Et l’Afrique, dans tout cela ? J’y viens.

Dans la plupart des pays où je suis allé, j’ai systématiquement demandé (à mes éditeurs, à des professeurs, à des lecteurs, à des traducteurs) quels étaient les écrivains africains contemporains qu’ils publiaient/traduisaient/lisaient/enseignaient/connaissaient. Un nuage d’une douzaine de noms (maximum) se levait. Sur ces douze, trois ou quatre francophones (maximum) à chaque fois, moi inclus. J.M. Coetzee, évidemment, ne compte pas.

On restait dans les mêmes proportions du côté des classiques. Lors de tous ces voyages aux quatre coins du monde, si on excepte les pays africains, la donne est simple : je n’ai croisé aucun autre écrivain africain. La seule que je peux mentionner fut, dans un festival aux Pays-Bas, Leïla Slimani, mais il me semble qu’elle est identifiée comme écrivaine française avant d’être vue comme écrivaine marocaine.

Certes, c’était « ma » tournée, et pas celle d’autres. Mais cela n’invalide pas ce constat : il y a une marginalité évidente des livres écrits par des auteurs africains (et par conséquent, des auteurs africains eux-mêmes) dans le marché littéraire mondial. On ne traduit que peu vers les langues africaines. On ne traduit quasiment à partir d’aucune langue africaine. Lorsque cela arrive, et qu’un livre d’abord écrit dans une langue africaine passe le cap des quatre ou cinq traductions, c’est souvent qu’une langue d’accueil intermédiaire (une de celles que j’ai mentionnées), et non la langue originelle, a servi de base pour les traductions suivantes.

Exemple : s’il existe une traduction d’un livre de Ngũgĩ wa Thiongʼo en espagnol ou en japonais, il y a fort à parier qu’elle ait été faite à partir de l’anglais, plutôt qu’à partir du gikuyu (ce qui est, à mon avis, une aberration technique doublée d’un mépris politique : je crois, et je ne suis pas le seul, qu’il ne faudrait jamais traduire à partir d’une traduction, mais c’est un autre débat).

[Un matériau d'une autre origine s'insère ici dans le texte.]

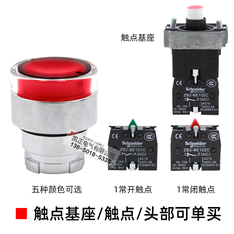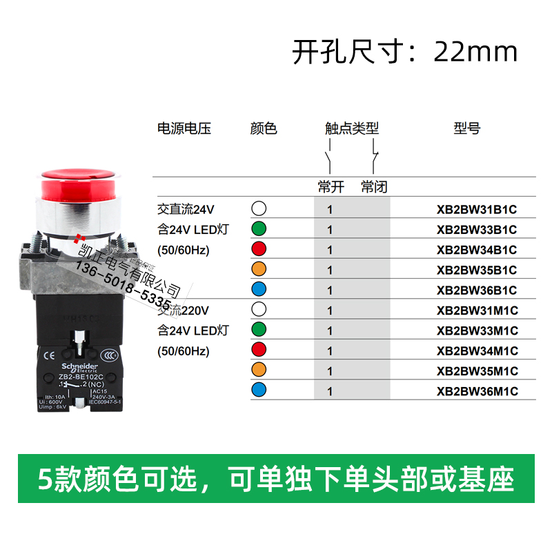 Schneider lighted button switch 22mm LED XB2BW34M2C self-reset 220V 1 normally closed red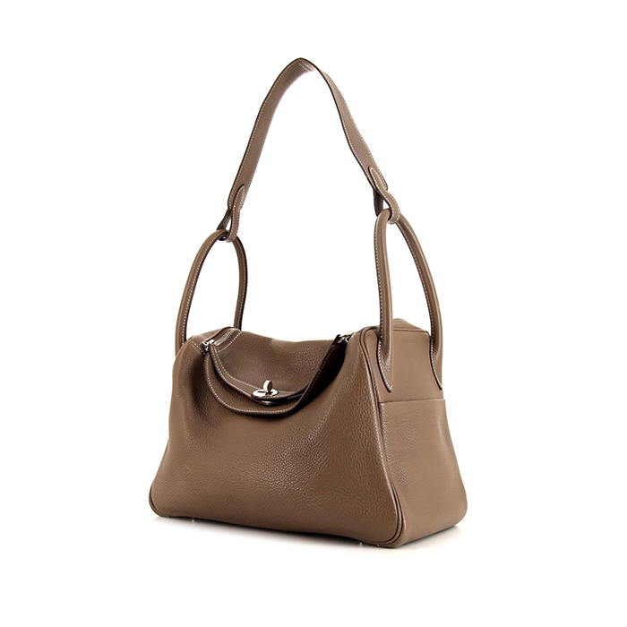 Elegante bolso de mano Hermes Lindy de cuero togo marrón etoupe, adorno en metal plateado paladio, doble asa de cuero togo marrón etoupe, una asa sencilla de cuero togo marrón etoupe para llevar en la mano o al hombro.

Le tableau ne paraît pas très reluisant. Et pourtant, la marge a ses nuances : elle constitue une niche propre, et suscite par conséquent une sorte de curiosité. Les livres africains, lorsqu’ils intègrent les circuits mondiaux de la littérature, y marchent comme des « phénomènes » (à divers degrés, évidemment) dont l’attrait est redoublé par leur rareté céans. Cette rareté incarne l’ambiguïté même : pour quelques élus, combien de grands textes africains inconnus, d’immenses auteurs (classiques ou contemporains) qui ne seront jamais connus au-delà de quatre ou cinq langues ?

Bon, tout cela est à relativiser : la situation de l’écrasante majorité des écrivains africains (peu voire jamais traduits) ne diffère pas vraiment de celle de l’écrasante majorité des auteurs français, par exemple, parmi lesquels un faible pourcentage connaîtra les joies, privilèges, solitudes et comédies du marché littéraire mondialisé. Mais à la différence des premiers, les seconds disposent d’un public naturel, qui peut les reconnaître pleinement et les porter économiquement et symboliquement. Cela est plus difficile et moins fréquent pour leurs homologues identifiés comme africains.